Bandung (ANTARA) - Kejaksaan Tinggi (Kejati) Jawa Barat mengusut kasus dugaan korupsi penyimpangan dalam pemberian kredit yang diduga terjadi di lingkungan BPR Intan Jabar, Kabupaten Garut, Jawa Barat, yang menimbulkan kerugian negara hingga Rp10 miliar.

Asisten Pidana Khusus Kejati Jawa Barat Riyono mengatakan pengusutan itu dilakukan setelah diterbitkannya Surat Perintah Penyidikan Kepala Kejaksaan Tinggi Jawa Barat Nomor: Print-33/M.2/Fd.1/01/2023.

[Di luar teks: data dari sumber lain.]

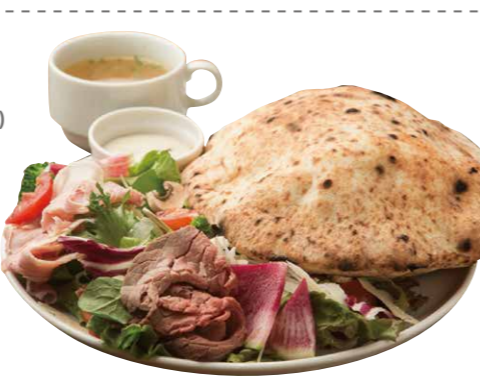
ベジプレート 950(税込) Vege Plate [ベジプレート+スープ] たっぷり野菜にローストビーフ。 焼きたてフォカッチャと!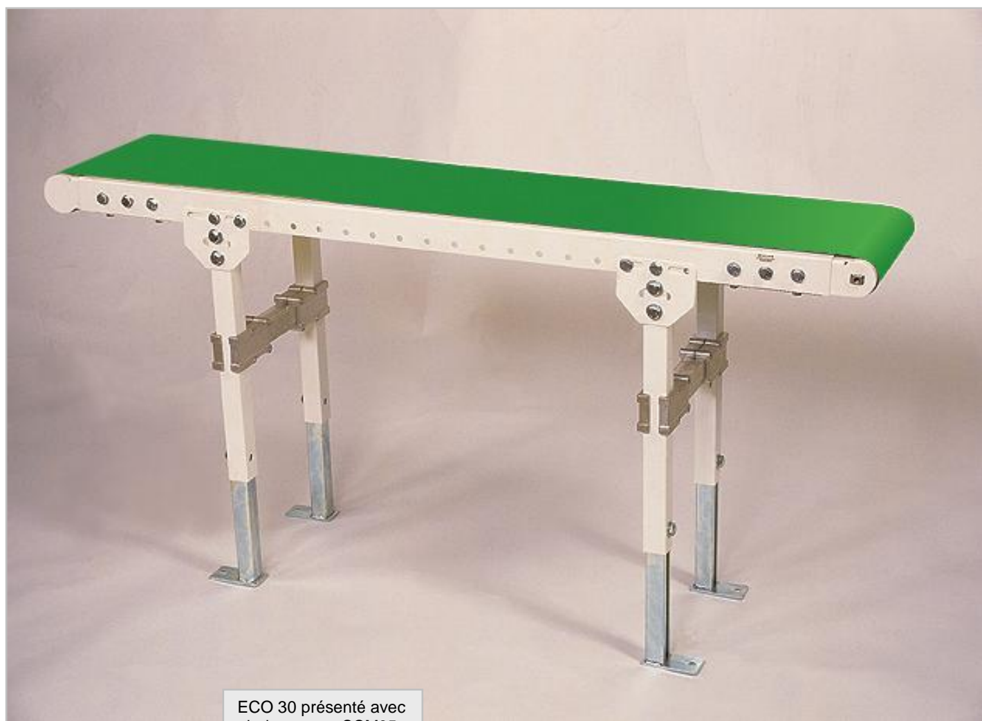
ECO 30 présenté avec pieds support SCM05. RAL 9010

L'entraînement de la bande est effectué par un tambour moteur.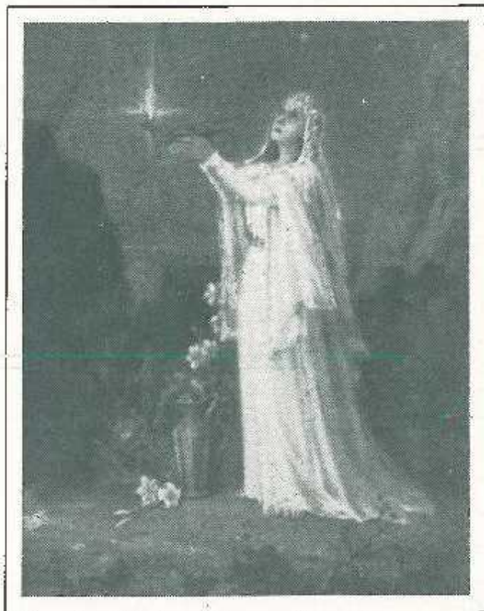
Ей, гряди, Господи Иисусе!

терпит нас, не желая, чтобы кто погиб, но чтобы все пришли к покаянию". Это ожидание возвращения Господа должно вовлечь нас в ревностное свидетельство о Нем, дабы все люди спаслись.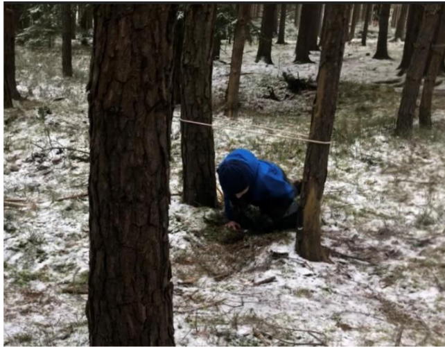
Obr. č. 29: Překážková dráha

"Dugaan tindak pidana penyimpangan dalam pemberian kredit itu diduga terjadi dalam rentang waktu 2018 hingga 2021," kata Riyono dalam keterangannya di Bandung, Jawa Barat, Kamis.

Adapun menurutnya proses penyelidikan telah dilakukan sejak Desember 2022. Sejauh ini, kata dia, sudah ada delapan orang saksi yang diperiksa terkait dugaan korupsi tersebut, terdiri dari karyawan hingga pihak lainnya.

Dia menjelaskan, pemegang saham terbesar BPR Intan Jabar adalah Pemerintah Provinsi Jawa Barat, yakni sebesar 51 persen atau Rp44 miliar.

Kemudian Pemerintah Kabupaten Garut sebesar 39 persen atau senilai Rp34 miliar, dan Bank BJB sebesar 10 persen atau senilai Rp8,8 miliar.

"Namun pada tahun 2021, ketiga pemegang saham tidak mendapatkan deviden atas penyertaan modal tersebut," kata dia.

Selain itu, menurutnya para nasabah juga tidak bisa mengambil tabungan atau depositonya tanpa adanya alasan yang jelas dari BPR Intan Jabar.

"Hasil penyelidikan tim Pidsus Kejaksaan Tinggi Jawa Barat terhadap PT BPR Intan Jabar Kabupaten Garut, ditemukan penyaluran kredit fiktif dan kredit topengan di beberapa cabang PT BPR Intan Jabar Kabupaten Garut," kata Riyono.